Until about a week ago, Mono did not have an efficient implementation of virtual generic method calls. Unlike non-virtual generic methods, it is not know at compile-time which method must be called, so some kind of look-up needs to be performed. However, unlike non-generic virtual methods, there can be more than one instantiation of a particular virtual generic method per class, and it is not known in advance how many or which instantiations will be needed, so a traditional virtual method table cannot be used. Mono’s previous solution was to do the look-up dynamically, by calling into unmanaged code, which is very inefficient. According to a simple benchmark I wrote, performing a generic virtual call was about 200 times slower than performing a non-generic virtual call.
My first stab at implementing a fast virtual generic call mechanism involved the runtime generic context data structure I implemented for generic code sharing.

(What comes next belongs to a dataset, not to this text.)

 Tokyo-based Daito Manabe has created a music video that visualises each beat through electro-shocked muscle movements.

The idea was to use the RGCTX as an extensible virtual generic method table. Whenever a new instantiation of a virtual generic method was needed, we would reserve a new slot for it in the RGCTX. The performance this approach achieved was quite impressive, making generic virtual calls only about 3 times slower than non-generic virtual calls, but memory usage made it impractical. For only 64 different instantiations of virtual generic methods one benchmark required 46k more memory than with the old implementation.
Another implementation idea came from Paolo, who wanted to reuse the machinery we have for doing interface method lookups. Every class’s VTable has a fixed number of slots set aside for interface methods. These slots are used as a hash table, with pointers to the individual interface method’s metadata as the keys. Since the interface method to be called is known at compile-time (but not which particular implementation of it), the hash can be computed then and used as a constant index into the hash table. Thus, an interface method call is done in almost the same way as a “normal” virtual method call. Problems occur only when more than one method hashes to the same slot. In that case, a small piece of code, called an “IMT thunk”, is generated, which resolves the lookup by doing a hard-coded search for the method’s implementation, given the method metadata pointer, which is passed as an implicit argument in interface calls.

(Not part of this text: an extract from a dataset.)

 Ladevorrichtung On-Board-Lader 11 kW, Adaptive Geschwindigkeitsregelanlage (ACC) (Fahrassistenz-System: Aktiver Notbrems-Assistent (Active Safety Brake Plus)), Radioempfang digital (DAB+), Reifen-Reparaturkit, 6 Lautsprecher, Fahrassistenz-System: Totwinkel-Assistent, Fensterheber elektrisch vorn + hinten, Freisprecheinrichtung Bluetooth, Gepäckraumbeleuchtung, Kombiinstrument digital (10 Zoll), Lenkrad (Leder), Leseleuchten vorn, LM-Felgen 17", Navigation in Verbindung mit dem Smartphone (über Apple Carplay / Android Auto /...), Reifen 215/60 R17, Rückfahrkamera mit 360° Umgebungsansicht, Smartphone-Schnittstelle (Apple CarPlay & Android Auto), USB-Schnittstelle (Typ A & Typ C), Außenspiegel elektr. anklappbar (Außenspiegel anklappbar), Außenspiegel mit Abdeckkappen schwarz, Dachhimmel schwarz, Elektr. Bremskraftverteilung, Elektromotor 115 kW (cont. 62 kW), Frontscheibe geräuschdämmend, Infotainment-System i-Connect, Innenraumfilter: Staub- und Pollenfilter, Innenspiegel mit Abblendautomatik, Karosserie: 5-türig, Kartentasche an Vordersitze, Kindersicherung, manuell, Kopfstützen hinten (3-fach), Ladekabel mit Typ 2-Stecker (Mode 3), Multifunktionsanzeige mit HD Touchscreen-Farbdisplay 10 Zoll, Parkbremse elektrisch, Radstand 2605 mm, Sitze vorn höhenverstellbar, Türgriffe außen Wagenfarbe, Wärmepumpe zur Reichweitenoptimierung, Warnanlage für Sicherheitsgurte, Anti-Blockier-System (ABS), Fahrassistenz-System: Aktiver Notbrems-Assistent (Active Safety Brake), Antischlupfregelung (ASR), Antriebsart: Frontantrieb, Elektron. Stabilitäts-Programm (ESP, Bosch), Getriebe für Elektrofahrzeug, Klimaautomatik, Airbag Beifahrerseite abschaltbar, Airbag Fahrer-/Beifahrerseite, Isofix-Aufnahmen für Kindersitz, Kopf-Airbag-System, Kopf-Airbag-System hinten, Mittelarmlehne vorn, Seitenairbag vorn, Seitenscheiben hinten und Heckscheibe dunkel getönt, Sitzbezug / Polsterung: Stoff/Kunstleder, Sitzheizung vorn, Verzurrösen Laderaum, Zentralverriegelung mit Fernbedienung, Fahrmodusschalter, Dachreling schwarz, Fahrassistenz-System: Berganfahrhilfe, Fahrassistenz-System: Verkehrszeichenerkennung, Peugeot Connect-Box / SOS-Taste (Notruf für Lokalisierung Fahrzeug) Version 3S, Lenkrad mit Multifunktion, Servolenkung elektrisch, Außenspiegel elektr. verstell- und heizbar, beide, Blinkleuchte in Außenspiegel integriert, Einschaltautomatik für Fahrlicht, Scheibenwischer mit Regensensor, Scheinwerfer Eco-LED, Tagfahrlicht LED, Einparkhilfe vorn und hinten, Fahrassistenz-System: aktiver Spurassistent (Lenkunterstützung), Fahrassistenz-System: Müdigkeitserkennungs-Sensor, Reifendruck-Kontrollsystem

Applying this technique to virtual generic methods requires reserving a single VTable slot for each virtual generic method, which points to a thunk that performs the look-up of the actual implementation, given its type arguments, which we represent by a single pointer. In contrast to interface methods, where we have a complete list of all methods, the required instantiations of a virtual generic method become know one by one during run-time, so we do a fall-back into unmanaged code if the required instantiation is not found. There the thunk might be re-built to include the new instantiation.
Currently the policy for deciding which instantiations to include in the thunk is very simple: If an instantiation was invoked at least 10 times then it will be included. The potential danger of this policy is that the thunks might grow too big. We discussed a few alternatives, like having an upper limit on the number of instantiations and including only the most frequently used ones, but decided to keep the current implementation until we run into problems.
Performance numbers are a bit harder to come by for this implementation since the speed of the look-up depends on the size of the thunk. For small thunks the performance seems to be comparable to that of my first approach, i.e. about 3 times slower than non-generic virtual calls. Interface calls are not supported, yet.